# Work required
Your answer must be an exact copy of the records below, minus the pictures.

# The input
╔══

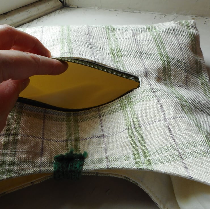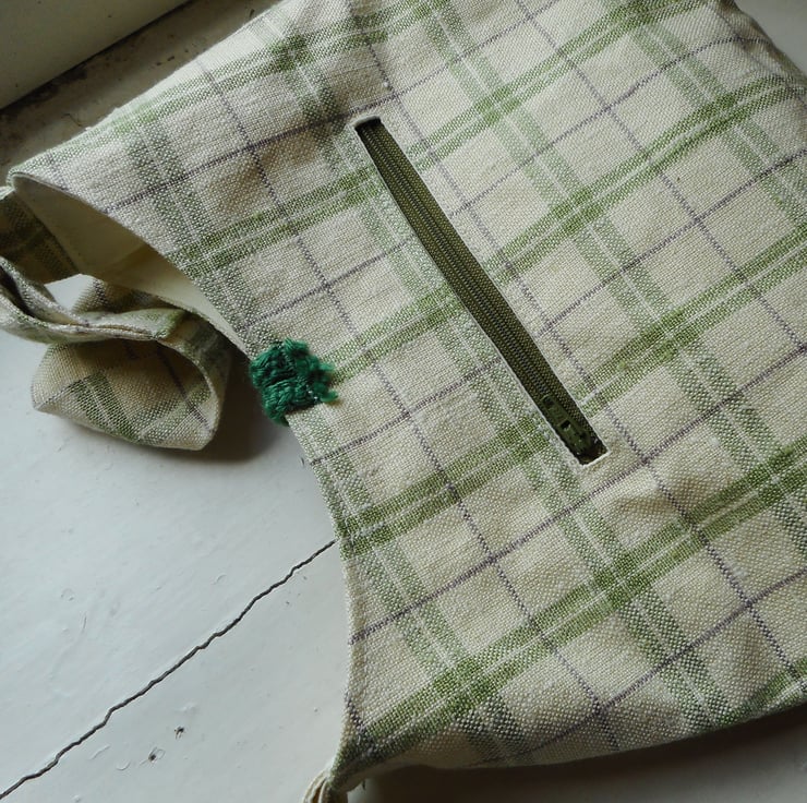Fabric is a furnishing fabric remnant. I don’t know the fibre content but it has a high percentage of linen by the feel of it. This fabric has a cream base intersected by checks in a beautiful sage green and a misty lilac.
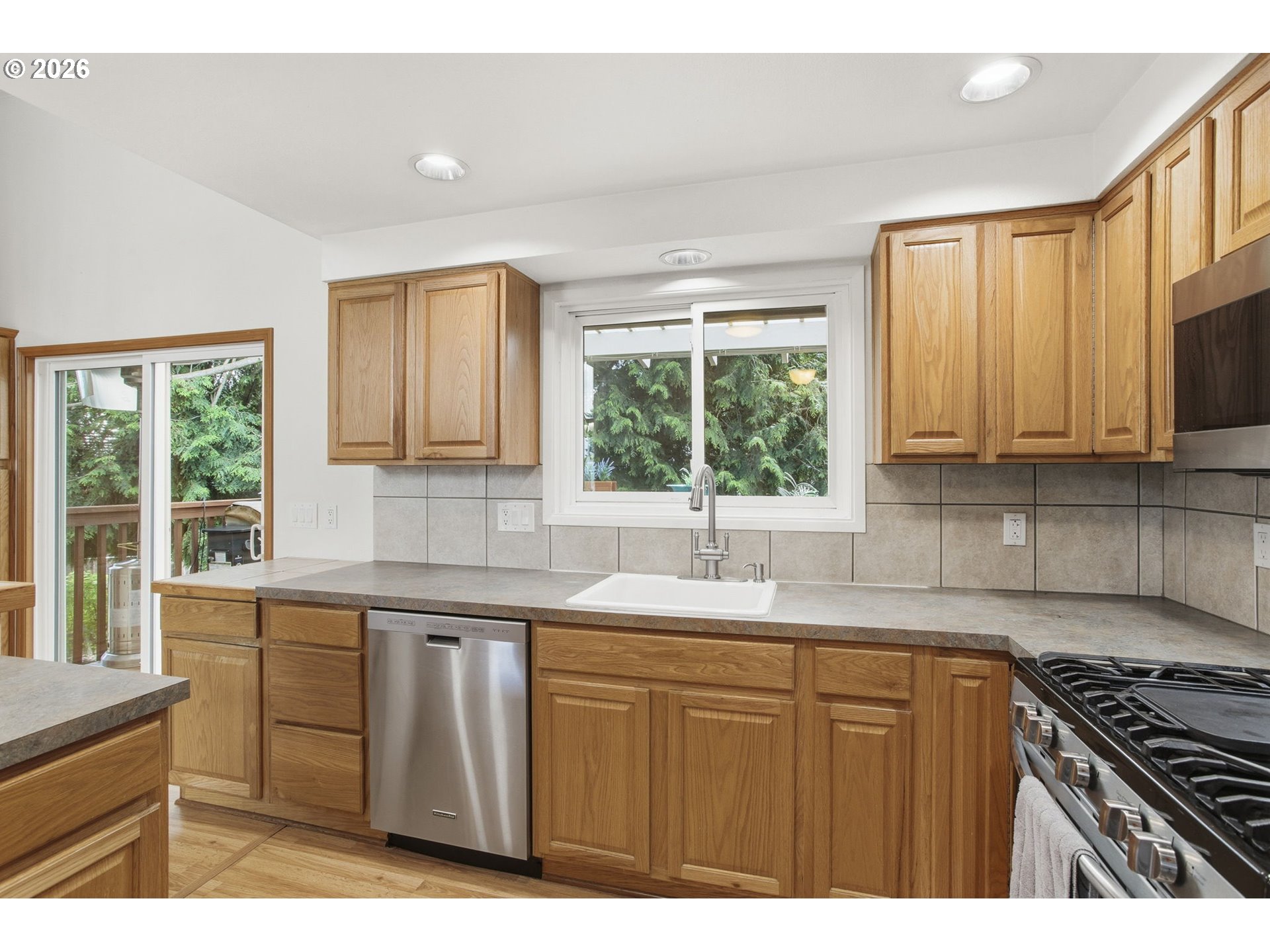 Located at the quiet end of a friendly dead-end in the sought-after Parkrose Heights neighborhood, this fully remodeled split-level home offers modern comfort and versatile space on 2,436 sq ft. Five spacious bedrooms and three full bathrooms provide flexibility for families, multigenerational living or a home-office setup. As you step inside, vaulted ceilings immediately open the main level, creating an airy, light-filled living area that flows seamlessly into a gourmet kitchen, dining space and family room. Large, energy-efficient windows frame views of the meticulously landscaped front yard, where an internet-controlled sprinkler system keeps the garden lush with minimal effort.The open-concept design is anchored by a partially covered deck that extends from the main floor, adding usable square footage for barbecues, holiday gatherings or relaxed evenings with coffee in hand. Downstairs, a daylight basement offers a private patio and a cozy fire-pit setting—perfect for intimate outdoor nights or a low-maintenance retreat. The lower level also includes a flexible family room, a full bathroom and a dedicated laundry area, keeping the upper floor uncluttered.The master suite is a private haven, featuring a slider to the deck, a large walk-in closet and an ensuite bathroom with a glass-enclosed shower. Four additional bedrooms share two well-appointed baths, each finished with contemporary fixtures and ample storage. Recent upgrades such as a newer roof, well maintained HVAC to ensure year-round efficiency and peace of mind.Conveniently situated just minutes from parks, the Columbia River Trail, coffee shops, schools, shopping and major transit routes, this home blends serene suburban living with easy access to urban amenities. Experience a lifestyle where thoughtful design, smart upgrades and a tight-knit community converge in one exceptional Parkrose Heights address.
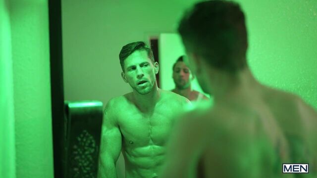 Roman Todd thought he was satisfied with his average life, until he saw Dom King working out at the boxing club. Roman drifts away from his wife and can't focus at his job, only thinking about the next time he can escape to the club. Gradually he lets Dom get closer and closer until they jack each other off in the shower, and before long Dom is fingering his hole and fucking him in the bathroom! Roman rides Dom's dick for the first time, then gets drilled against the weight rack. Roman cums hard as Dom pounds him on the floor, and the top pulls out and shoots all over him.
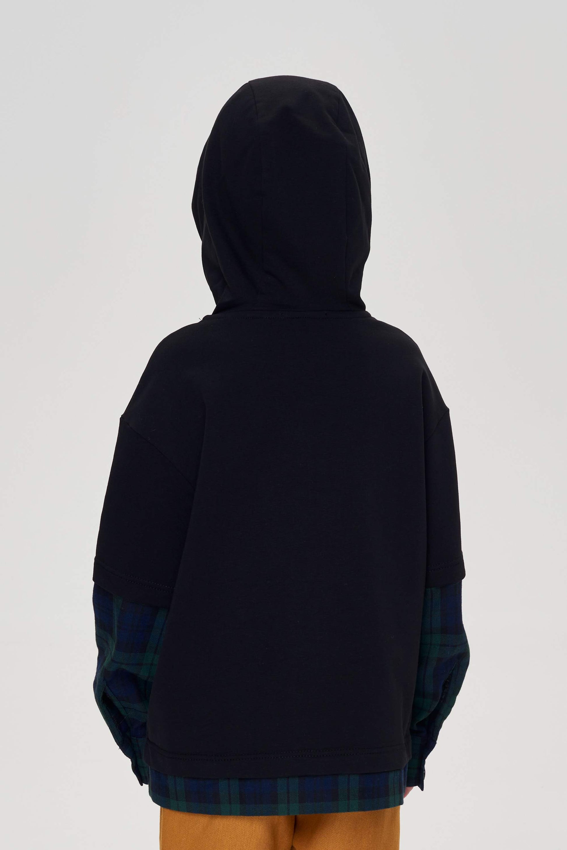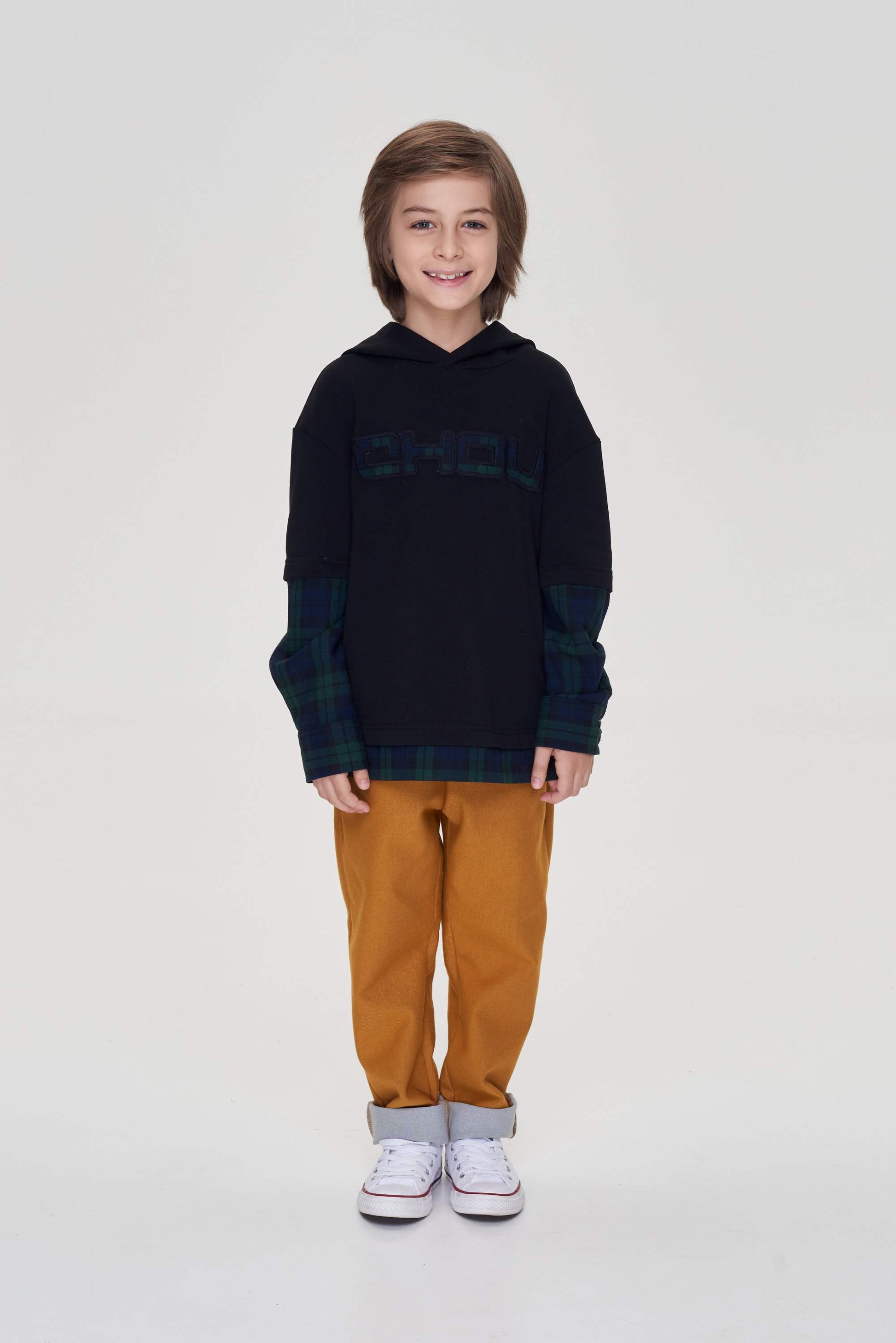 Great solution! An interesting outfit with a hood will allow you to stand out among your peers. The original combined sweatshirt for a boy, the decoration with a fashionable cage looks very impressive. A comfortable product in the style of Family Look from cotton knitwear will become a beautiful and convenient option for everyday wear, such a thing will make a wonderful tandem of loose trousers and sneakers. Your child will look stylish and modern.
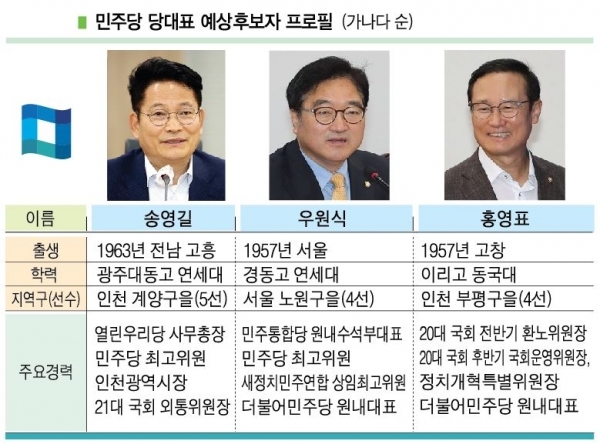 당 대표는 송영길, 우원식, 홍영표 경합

╚══

# Response area
Fabric is a furnishing fabric remnant. I don’t know the fibre content but it has a high percentage of linen by the feel of it. This fabric has a cream base intersected by checks in a beautiful sage green and a misty lilac.
 Located at the quiet end of a friendly dead-end in the sought-after Parkrose Heights neighborhood, this fully remodeled split-level home offers modern comfort and versatile space on 2,436 sq ft. Five spacious bedrooms and three full bathrooms provide flexibility for families, multigenerational living or a home-office setup. As you step inside, vaulted ceilings immediately open the main level, creating an airy, light-filled living area that flows seamlessly into a gourmet kitchen, dining space and family room. Large, energy-efficient windows frame views of the meticulously landscaped front yard, where an internet-controlled sprinkler system keeps the garden lush with minimal effort.The open-concept design is anchored by a partially covered deck that extends from the main floor, adding usable square footage for barbecues, holiday gatherings or relaxed evenings with coffee in hand. Downstairs, a daylight basement offers a private patio and a cozy fire-pit setting—perfect for intimate outdoor nights or a low-maintenance retreat. The lower level also includes a flexible family room, a full bathroom and a dedicated laundry area, keeping the upper floor uncluttered.The master suite is a private haven, featuring a slider to the deck, a large walk-in closet and an ensuite bathroom with a glass-enclosed shower. Four additional bedrooms share two well-appointed baths, each finished with contemporary fixtures and ample storage. Recent upgrades such as a newer roof, well maintained HVAC to ensure year-round efficiency and peace of mind.Conveniently situated just minutes from parks, the Columbia River Trail, coffee shops, schools, shopping and major transit routes, this home blends serene suburban living with easy access to urban amenities. Experience a lifestyle where thoughtful design, smart upgrades and a tight-knit community converge in one exceptional Parkrose Heights address.
 Roman Todd thought he was satisfied with his average life, until he saw Dom King working out at the boxing club. Roman drifts away from his wife and can't focus at his job, only thinking about the next time he can escape to the club. Gradually he lets Dom get closer and closer until they jack each other off in the shower, and before long Dom is fingering his hole and fucking him in the bathroom! Roman rides Dom's dick for the first time, then gets drilled against the weight rack. Roman cums hard as Dom pounds him on the floor, and the top pulls out and shoots all over him.
 Great solution! An interesting outfit with a hood will allow you to stand out among your peers. The original combined sweatshirt for a boy, the decoration with a fashionable cage looks very impressive. A comfortable product in the style of Family Look from cotton knitwear will become a beautiful and convenient option for everyday wear, such a thing will make a wonderful tandem of loose trousers and sneakers. Your child will look stylish and modern.
 당 대표는 송영길, 우원식, 홍영표 경합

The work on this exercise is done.